───── Available data

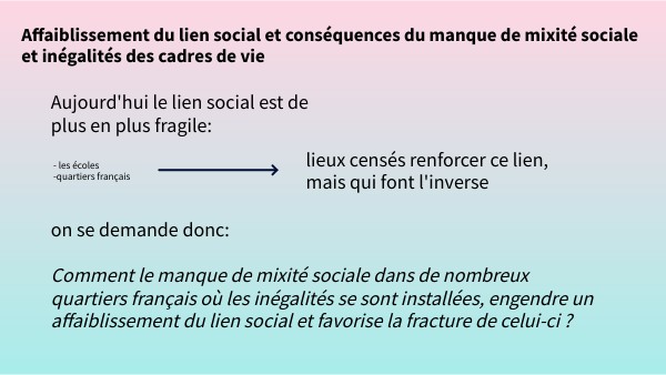 on se demande donc: Comment le manque de mixité sociale dans de nombreux quartiers français où les inégalités se sont installées, engendre un affaiblissement du lien social et favorise la fracture de celui-ci ?
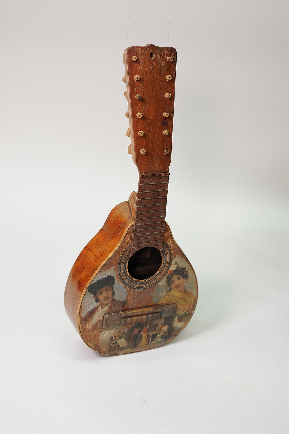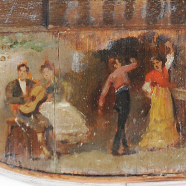 Bei der Darstellung einer Paartanz-Szene mit Temperafarben auf der Decke handelt es sich vermutlich um eine Verzierung des 20. Jahrhunderts. Sie wurde aufgebracht, als das Instrument noch mit Saiten bezogen war. Der Bereich zwischen Griffbrett und Steg ist ausgespart. Dargestellt ist ein Blickkontakt aufnehmendes Paar im oberen Register seitlich der Schalllöcher und einer Tanzszene im Register unterhalb des Stegs.
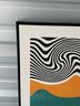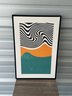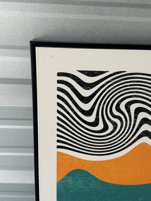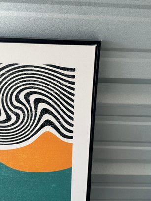 Contemporary framed wall art featuring a bold abstract design with black flowing lines over a neutral background, accented by warm orange and teal geometric shapes. This piece has a modern, minimalist aesthetic that works great in living rooms, offices, or entryways.
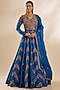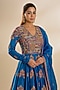 Featuring a blue kalidar anarkali in chanderi and organza base with embroidery. It is paired with a dupatta. Accentuate it with kundan jewellery and wedges for a festive look or a wedding ceremony.
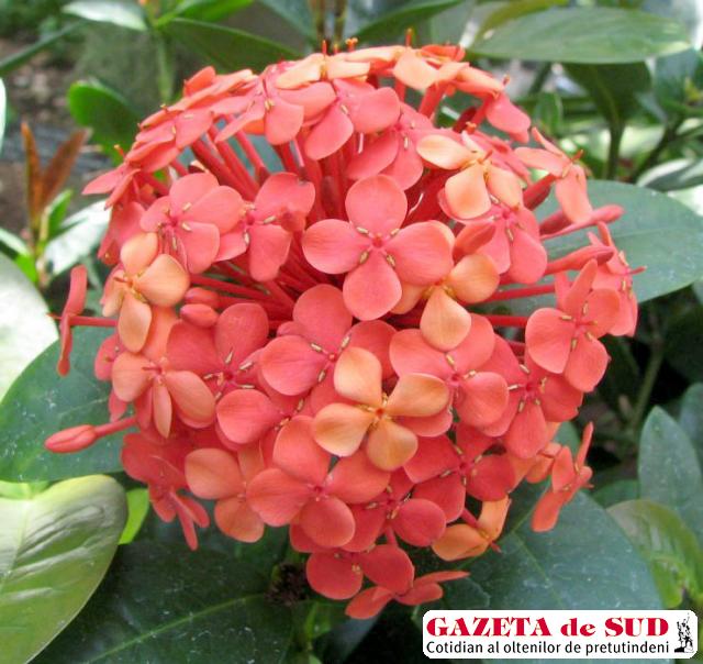 Ixora este un arbust mereu verde, originar din India. În natură, această plantă poate ajunge până la 120-150 de centimetri înălţime, dar când este cultivată în vas nu depăşeşte 50-60 de centimetri. Ixora mai este numită şi Flacăra pădurilor datorită florilor sale în culori aprinse, de la galben-portocaliu până la roşu. Este o plantă pretenţioasă, având nevoie de căldură, lumină multă şi umiditate constantă. Are tulpini subţiri, lemnoase, de culoare maro închis, iar frunzele sunt ovale şi lucioase. Vara produce inflorescenţe alcătuite din flori de dimensiuni mici, cu patru petale. Acestea nu se evidenţiază prin parfum, care este foarte discret, ci prin culorile aprinse precum roşu, roz, galben, alb sau portocaliu. Ixora este o plantă care atrage totdeauna atenţia. Chiar dacă nu este uşor de îngrijit, merită să o achizitionaţi deoarece vă va înfrumuseţa locuinţa.
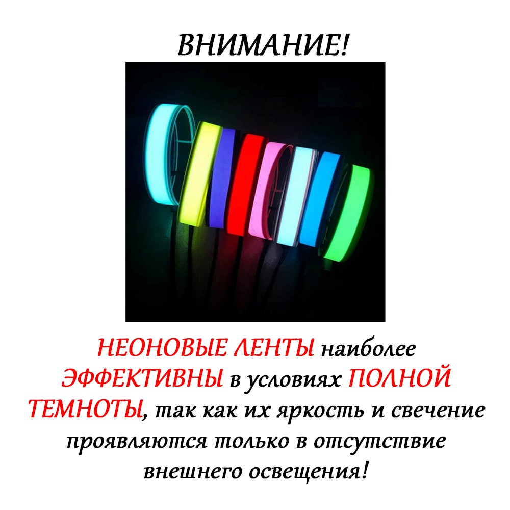 Неоновые ленты наиболее эффективны в условиях полной темноты, так как их яркость и свечение проявляются только в отсутствие внешнего освещения!
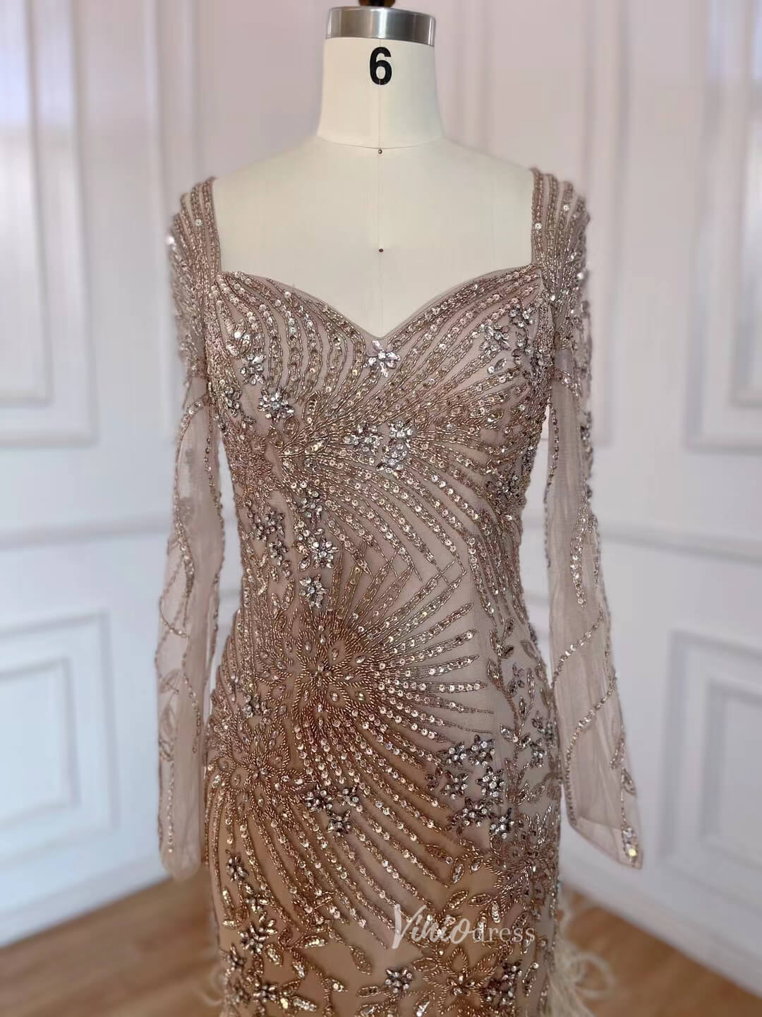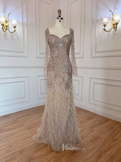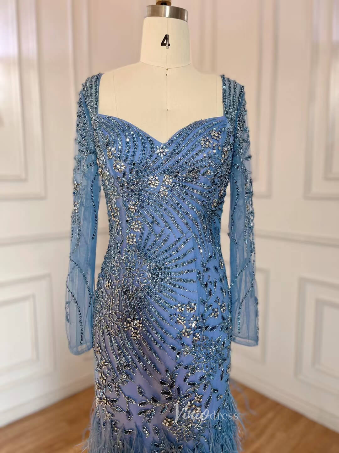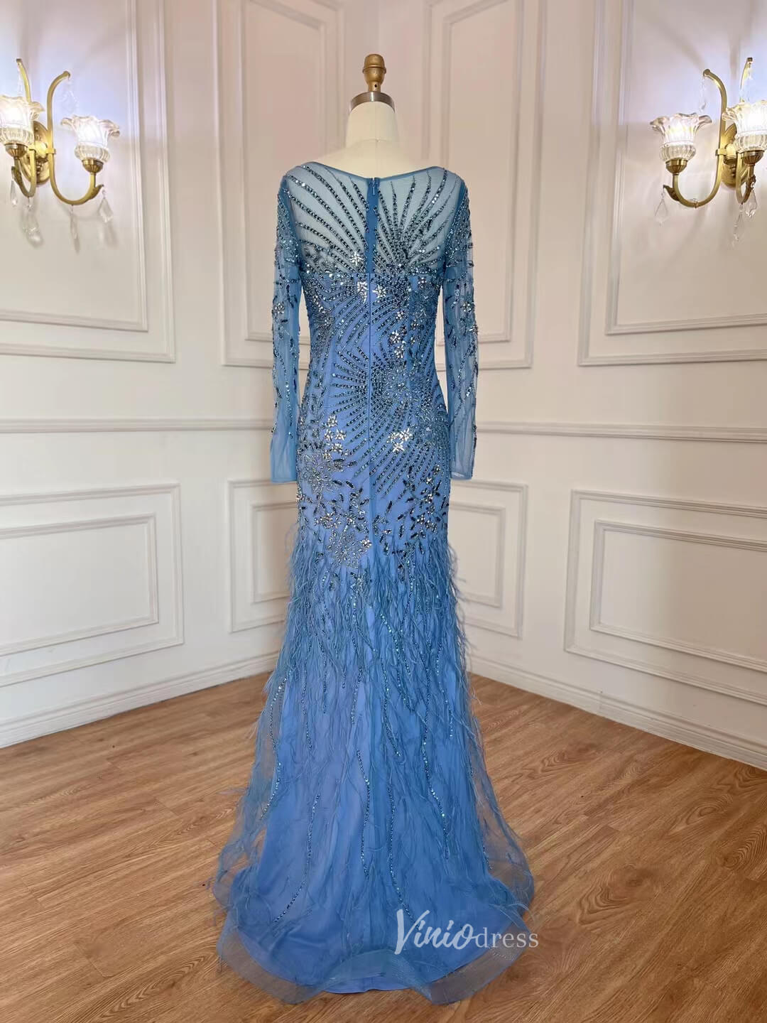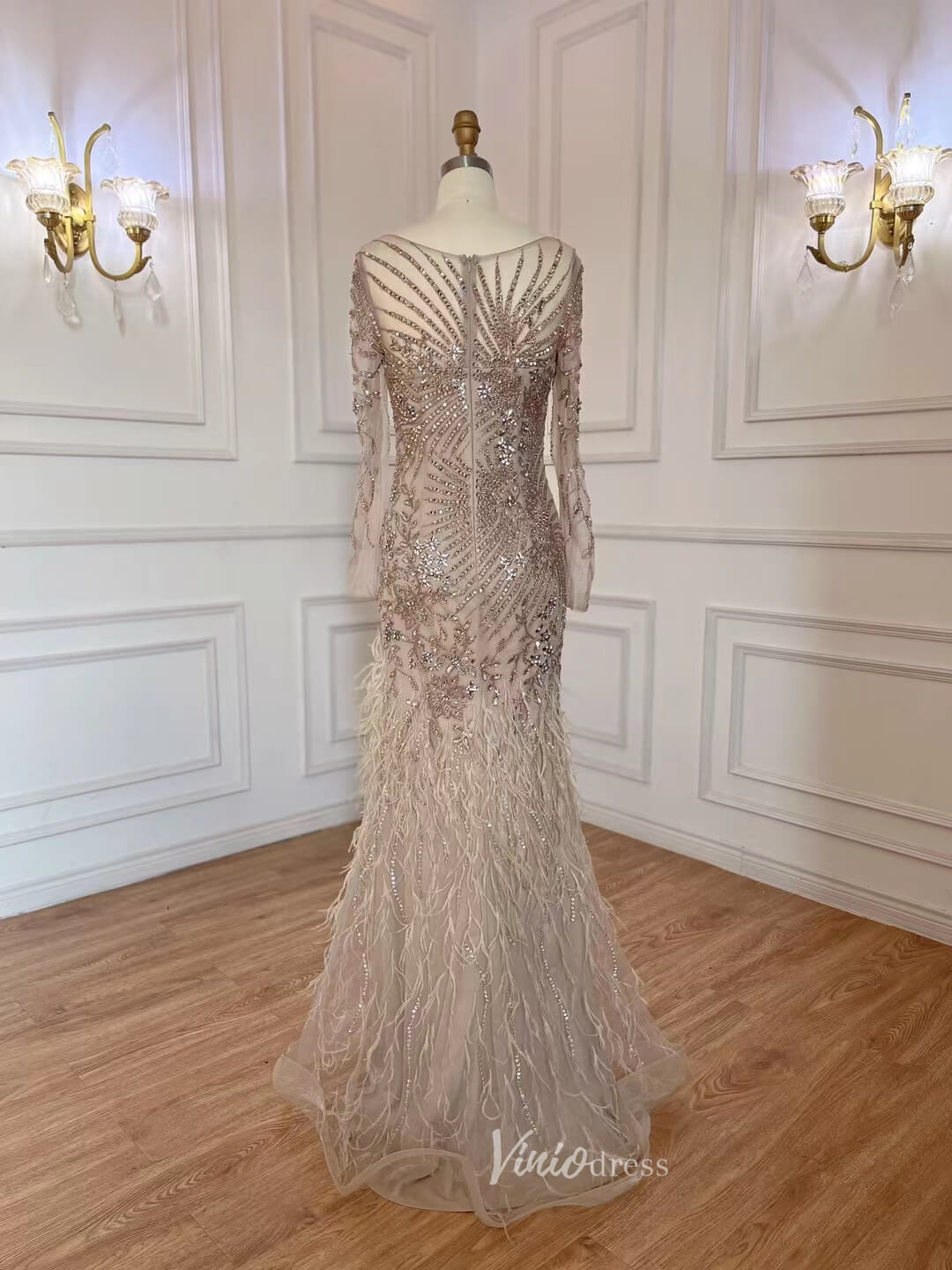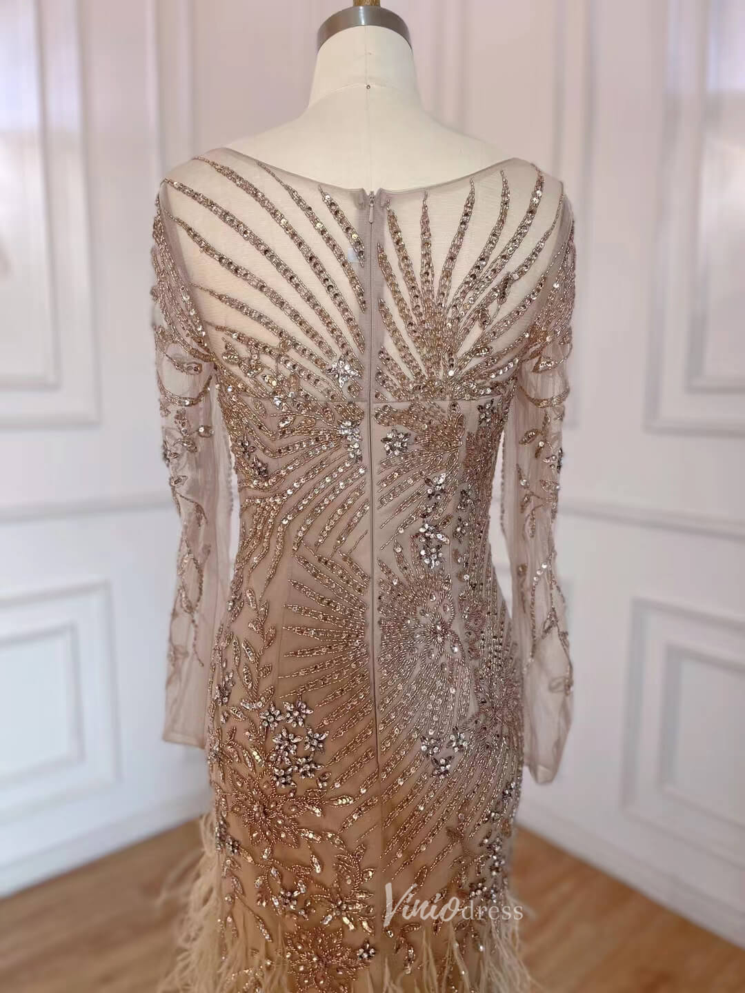 Beaded Feather 1920s Evening Dress Long Sleeve Prom Dresses 20061

──────────

▶ Problem to work on
What you need to copy is the run of lines from the one holding "Неоновые ленты наиболее" through the end of the data, exactly and only, both ends included, pictures omitted.

▶ Answer space
 Неоновые ленты наиболее эффективны в условиях полной темноты, так как их яркость и свечение проявляются только в отсутствие внешнего освещения!
 Beaded Feather 1920s Evening Dress Long Sleeve Prom Dresses 20061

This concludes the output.